Hasn't the death of the EOS M system been predicted right here on this forum?
The latest lens announcement - developments seem to contradict these fears! Looks like the EOS M could be meant as a replacement for the APS DSLR series.


----------



## 4fun (Nov 22, 2018)

Del Paso said:


> Hasn't the death of the EOS M system been predicted right here on this forum?



only by a few who either have little clue and/or are some sort of FUD-trolls. 

It was and is not hard to see that Canon goes with M/EF-M for APS-C and with EOS R/RF for FF image circle (exclusively).

Fisheye. Fine, but not for me. I want a moderately fast, short EF-M tele prime - something between 75-85mm and f/2.0 to f/2.4 with IQ as good as EF-M 22/2.0 and similar price tag


----------



## Woody (Nov 23, 2018)

I will be interested in this lens if it's lightweight (below 200g) and low-priced.


----------



## dcm (Nov 23, 2018)

Have used the Canon 8-15L on FF and APS-C bodies (Rebel and M series). A bit bulky for the M when hiking and backpacking so I picked up the Samyang 8mm f2.8 Fisheye II about 4 years ago. It provides a diagonal fisheye at 8mm and has been fine for my purposes. Manual focus is easy on the M3 and M5 with focus peaking, especially since the DOF is so large on an 8mm lens. The Samyang weighs 260g to the 540g for the 8-15L (plus the extender when used with the M series). Under 200g seems unlikely.

The Canon has a .16m MFD versus .3m on the Samyang. The closer MFD has provided some interesting shots since it allows the lens to nearly touch the subject. Not nearly as dramatic with the Samyang.

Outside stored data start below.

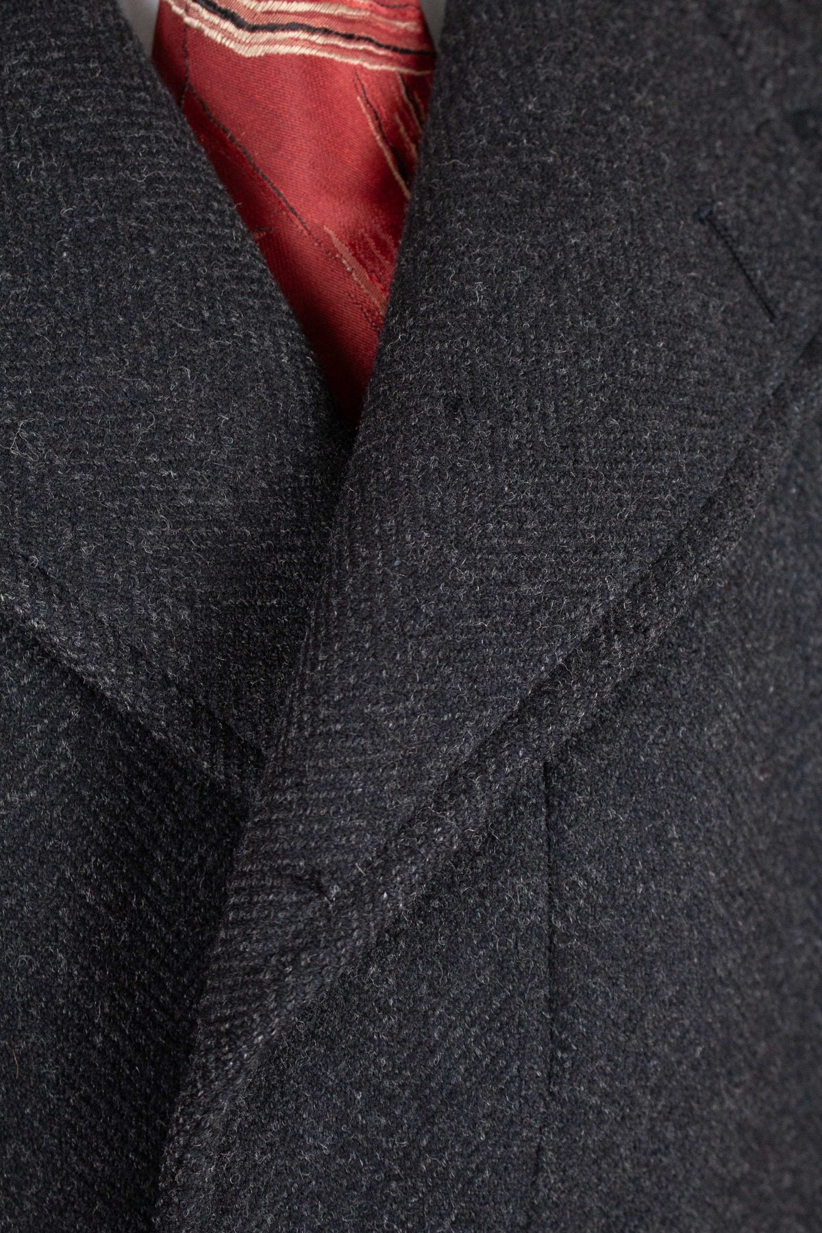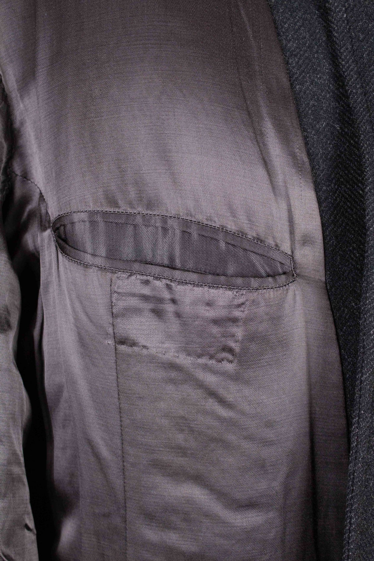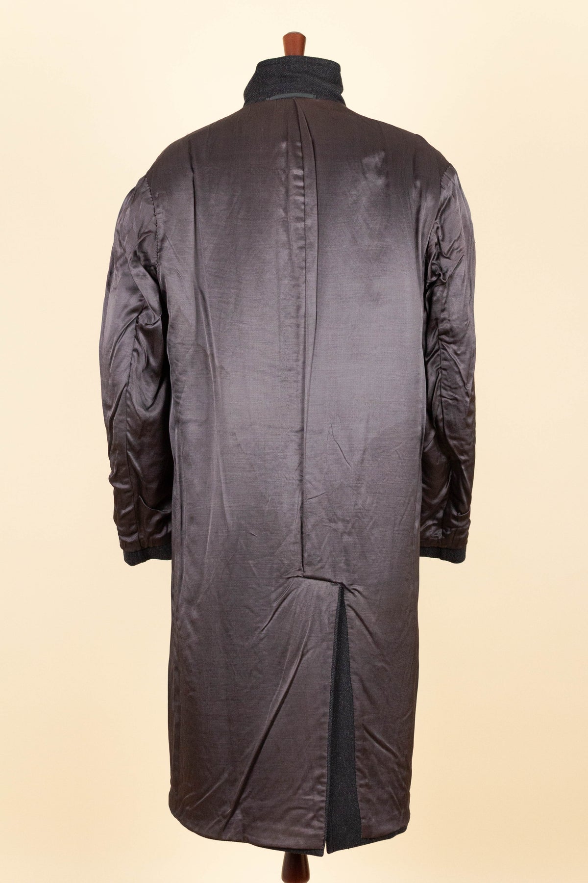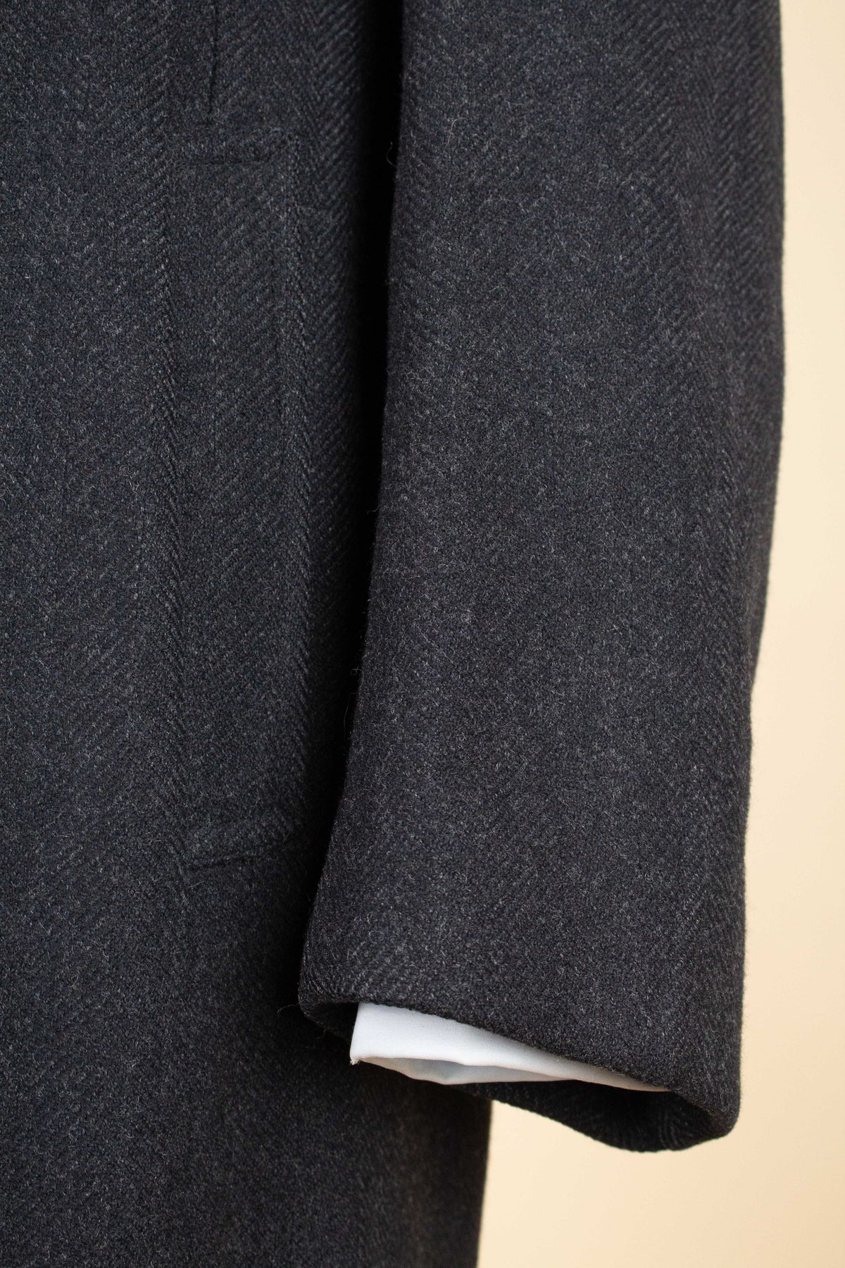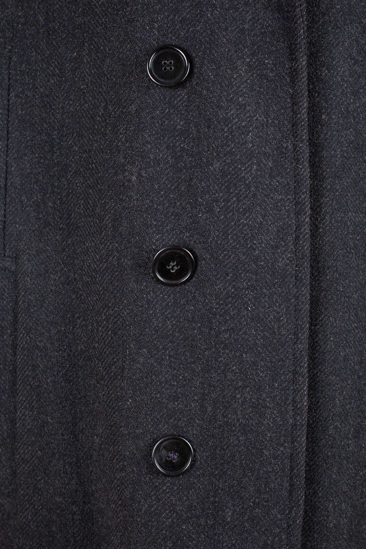 This coat has no labels, so it is not possible to say with certainty exactly who produced it. However, a number of conclusions can still be drawn from studying the garment. It is in all likelihood of Swedish origin and was produced sometime during the 1940s. It is made from a heavy dark grey wool cloth with a subtle herringbone pattern.
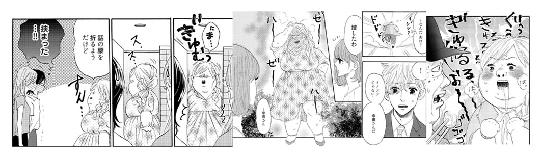 作中に多数散りばめられた、話の本筋とは無関係な夢子の「おデブネタ」も見どころのひとつ!マンガならではのギャグタッチと夢子のぷにぷにの肉感は、ままかり先生の圧倒的表現力とセンスのなせる業!
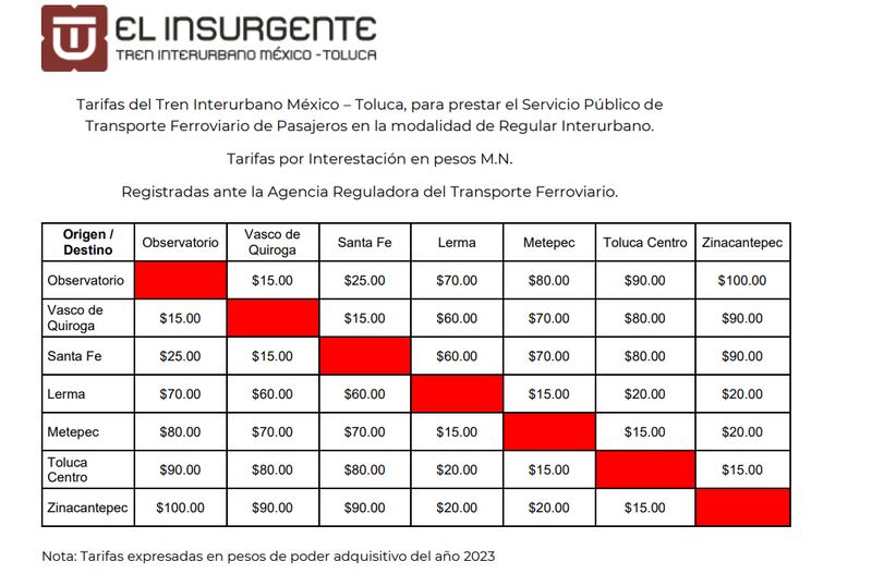 El costo del viaje en el Tren Interurbano dependerá del punto desde donde lo tomes y la zona a la que te dirijas. De acuerdo con la tabla de precios del Tren Insurgente, difundida por el Gobierno de México, el costo máximo será de 100 pesos mexicanos de extremo a extremo.

To do a quick comparison I took a few sample shots in my office to compare the Samyang 8mm with the Canon at both 8mm and 10mm on my M3. At 8mm the Canon shows the edge of the image circle in the frame while the Samyang 8mm does not. At 10mm the Canon provides the diagonal fisheye view, but is slightly narrower angle of view then the Samyang's 167 degree AOV. The Samyang provides 180 degrees on other APS formats.

The Samyang appears to be equal or better in image quality to the 8-15L at f/4, f/5.6, and f/8 in these sample images, and if offers f2.8. These images were taken in less than ideal lighting conditions under heavy overcast. Only noise reduction and scaling were applied. It might be worth trying again under better conditions using the M5 for comparison. For now the Samyang seems up to the task - glad I didn't wait for Canon to release one.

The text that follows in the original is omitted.